The trial of a key figure in an illegal funding scandal involving Spain's rightwing Popular Party opened Monday with the defendant pledging a full confession directly implicating the former premier.
The case centres on a system of parallel bookkeeping used by the PP to manage undeclared funds that was run by Luis Barcenas, the main suspect, who served as the party treasurer between 1990 and 2009.
Two former PP prime ministers will testify at the high-profile trial which opened on Monday morning at the National Court in Madrid and will run until May.
One is Mariano Rajoy, who served as premier between 2011-2018 and has always denied any knowledge of the system, although Barcenas has testified he was "perfectly aware" of it.
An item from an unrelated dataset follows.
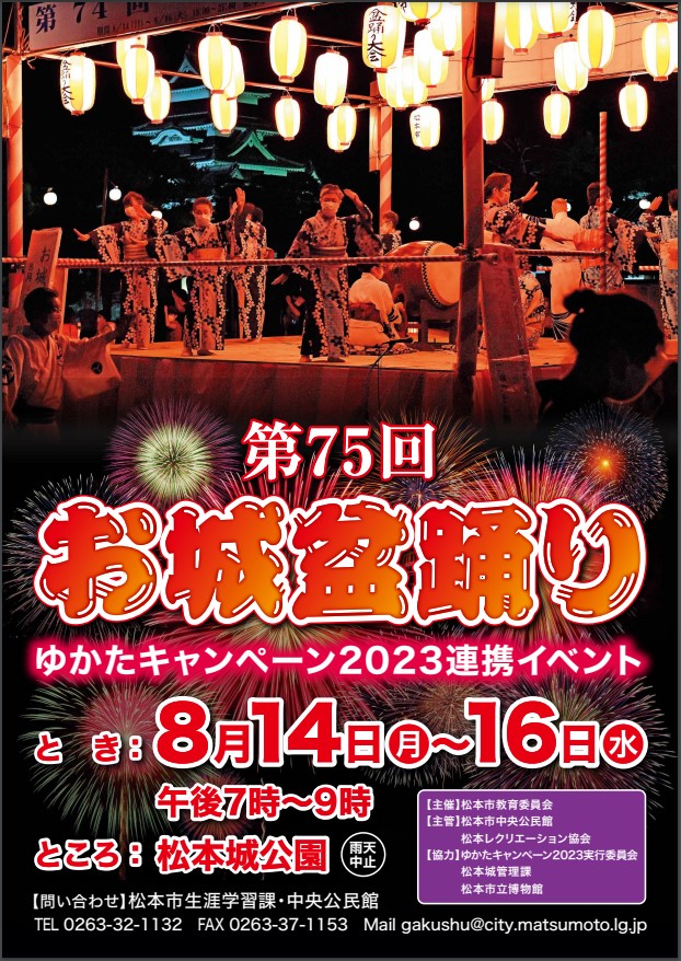 | 8/14-16 | お城盆踊り![]() | 松本市 松本城公園 | - | - | [HP] | |

José María Aznar, who was Spain's prime minister between 1996-2004, will also testify alongside various other former top party officials.
Just days before the trial opened, Barcenas sent a letter to the prosecutors professing his "willingness to collaborate with the justice system" in a dramatic U-turn that has added further drama to a case that has gripped the nation.
In the letter, he said "Mariano Rajoy was perfectly aware of all these activities to the point that in 2009 we had a meeting in his office in which I showed him the slush fund accounting papers".
Rajoy, who at the time was leader of the opposition, then destroyed them "in a paper shredder without knowing I'd kept a copy", Barcenas wrote.
The alleged slush fund, which was fed by corporate cash donations, operated between 1990 to 2008 and was used to pay bonuses to party leaders, including Rajoy, as well as for the renovation of the party's Madrid headquarters, Barcenas has said.
- Deal breaker -
Details of the accounts emerged in the so-called "Barcenas papers" which were first published by El Pais newspaper in 2013.
In his letter, which was published on Thursday, Barcenas said he was now willing to talk after the PP failed to honour a deal in which he would keep silent as long as they ensured his wife did not go to jail.
Barcenas himself is serving a 29-year sentence over the so-called Gurtel case which centred on a vast system of bribes given to former PP officials in exchange for juicy public contracts between 1999 and 2005.
His wife was also convicted for her role in the case and began serving a 12-year sentence in December.
The trial comes at a difficult time for the main opposition Popular Party which is currently campaigning ahead of Sunday's regional election in Catalonia as polls suggest the faction is facing a dismal result.
Earlier on Monday, PP leader Pablo Casado -- who took over in 2018 after Rajoy was forced out as premier and party head -- said he could not take responsibility for events that happened before his tenure.
That PP "no longer exists" he told Onda Cero radio.